How Ola’s shenanigans reached the gates of MapmyIndia Premium
The Hindu
Ola’s co-founder and CEO Bhavish Aggarwal seems to have been stung by the nationalist bug lately.
Ola’s co-founder and CEO Bhavish Aggarwal seems to have been stung by the nationalist bug lately. And the bug encounter could not have happened at a more opportune time than when the ride-hailing firm was looking to buttress its position ahead of its stock market listing. Post listing, Ola Electric Mobility shares soared, performing far better than analysts and investors’ expectations. The share price jump was a result of something more than the underlying electric vehicle business itself.

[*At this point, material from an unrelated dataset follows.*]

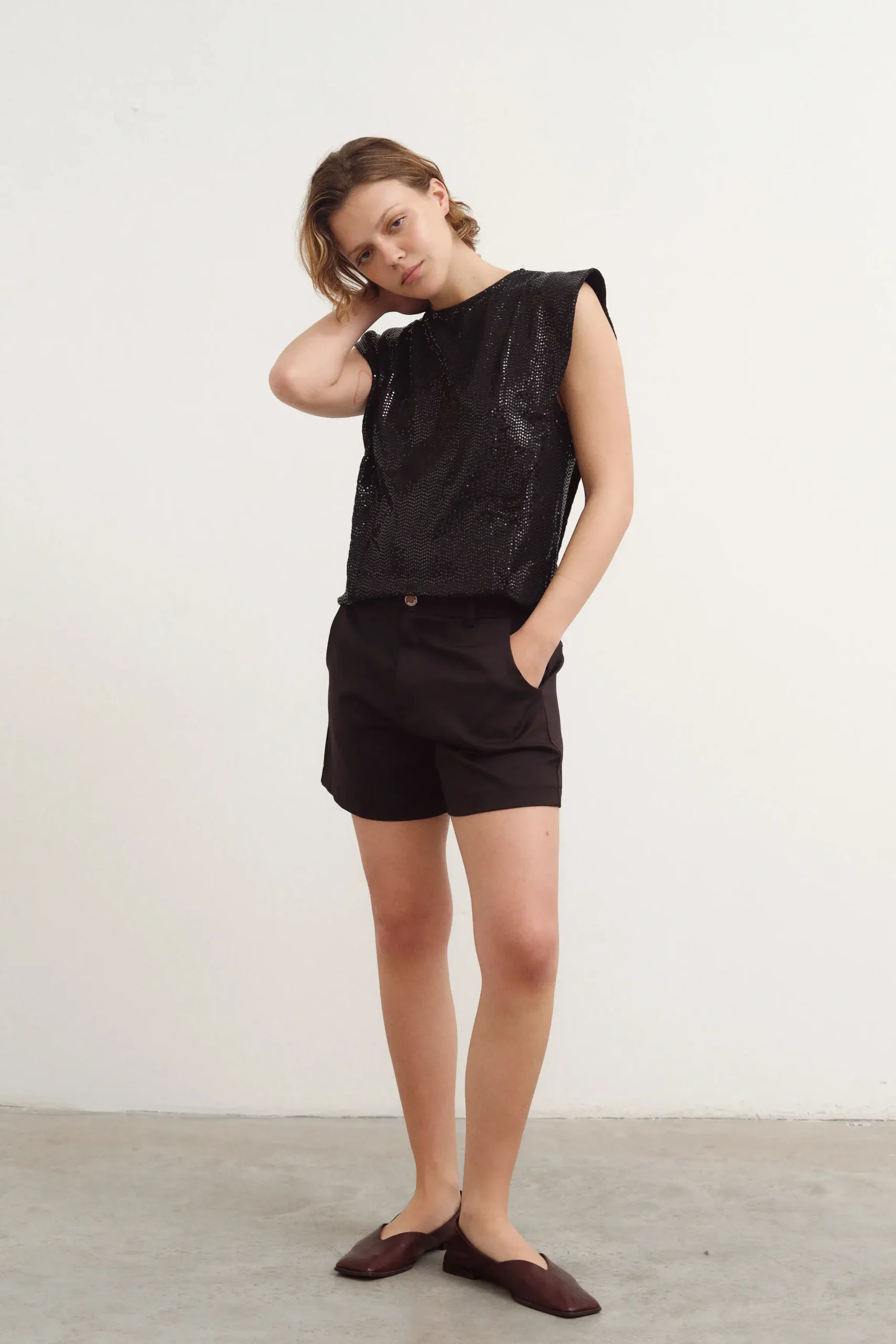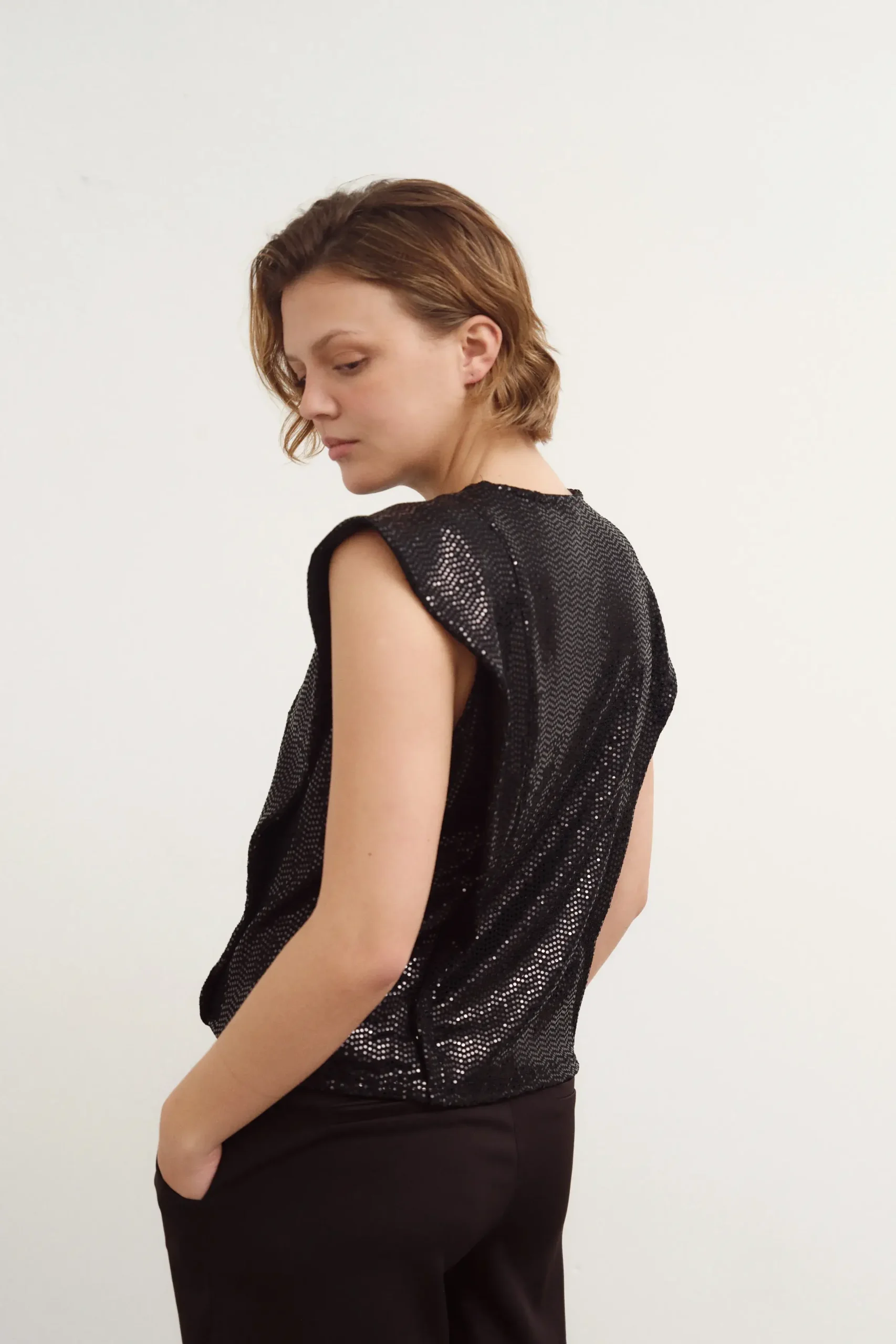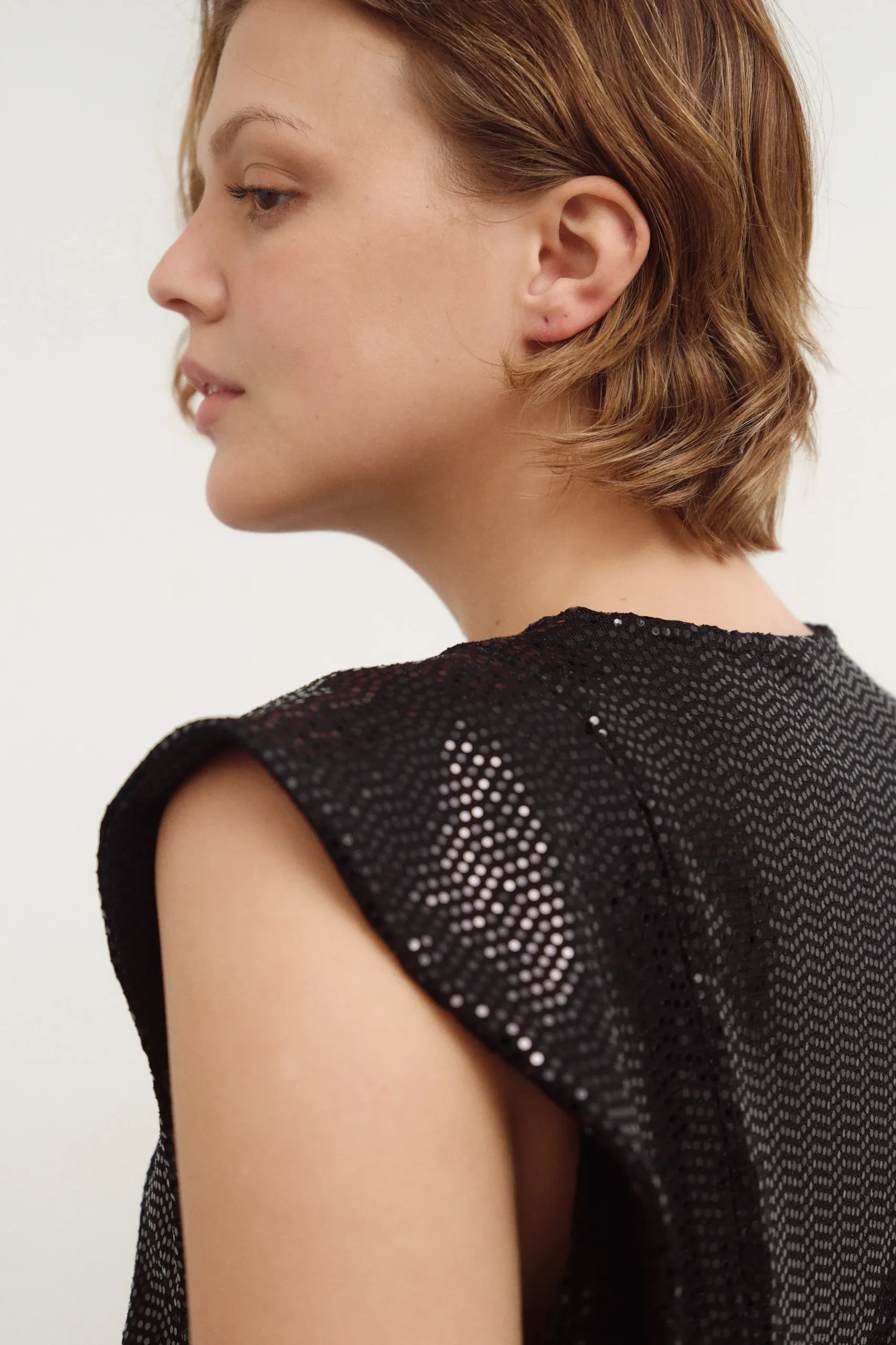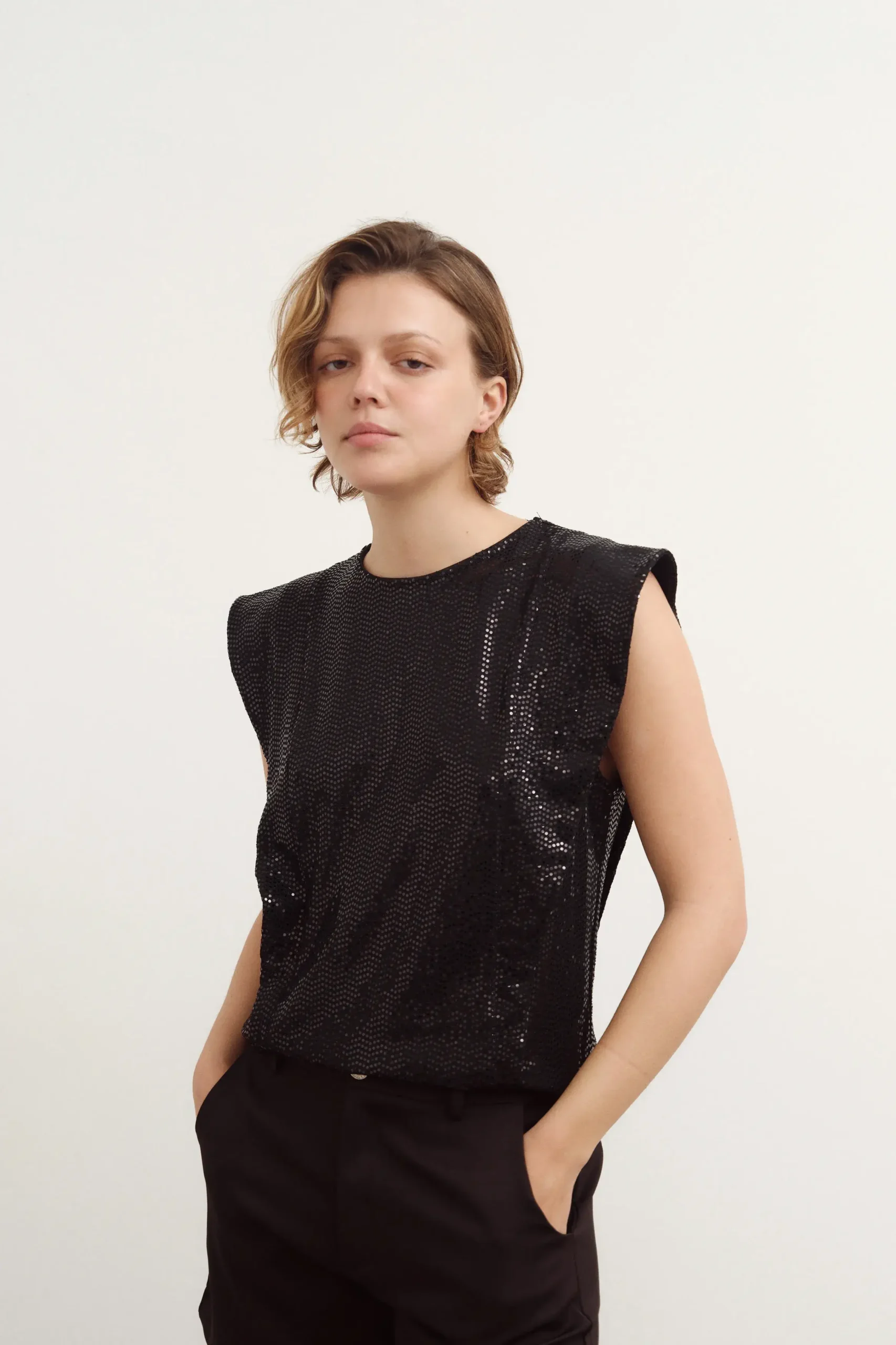 Top de microfibra con lentejuelas. Tiene solapa en hombros.

Mr. Aggarwal began his evangelical mission to proselytise Indian startups to go the ‘swadeshi’ digital way last year. In December, he announced AI startup Krutrim, and two months later, raised a funding round that valued the company at $1 billion.
(Unravel the complexities of our digital world on The Interface podcast, where business leaders and scientists share insights that shape tomorrow’s innovation. The Interface is also available on YouTube, Apple Podcasts and Spotify.)
In February, the firm unveiled a large language model (LLM) that was trained on a set of Indic languages to perform ChatGPT- of Indian languages. Mr. Aggarwal said Krutrim stays true to “Indian cultural ethos and solves real Indian problems.”
Early users of the chatbot pointed out several flaws in its responses. Some alleged that the chatbot was a wrapper on the ubiquitous ChatGPT. One user screen recorded their interaction with the chatbot and posted it on Reddit. In that video, they queried the bot asking whether it was using a ChatGPT API. The bot replied ‘yes’ before auto-correcting to a standard chatbot response that it was built to assist users.
Promotional posts from the company about the AI chatbot on social media platforms received comments from Ola’s electric scooter buyers who complained of poor vehicle quality and lack of customer support, asking the CEO to focus on fix the scooters and provide a decent customer experience in existing business before launching new products.
Such criticisms did not the deter Mr. Aggarwal from launching his next desi salvo against foreign firms. This time, his target was cloud service players like Microsoft, AWS, and Google.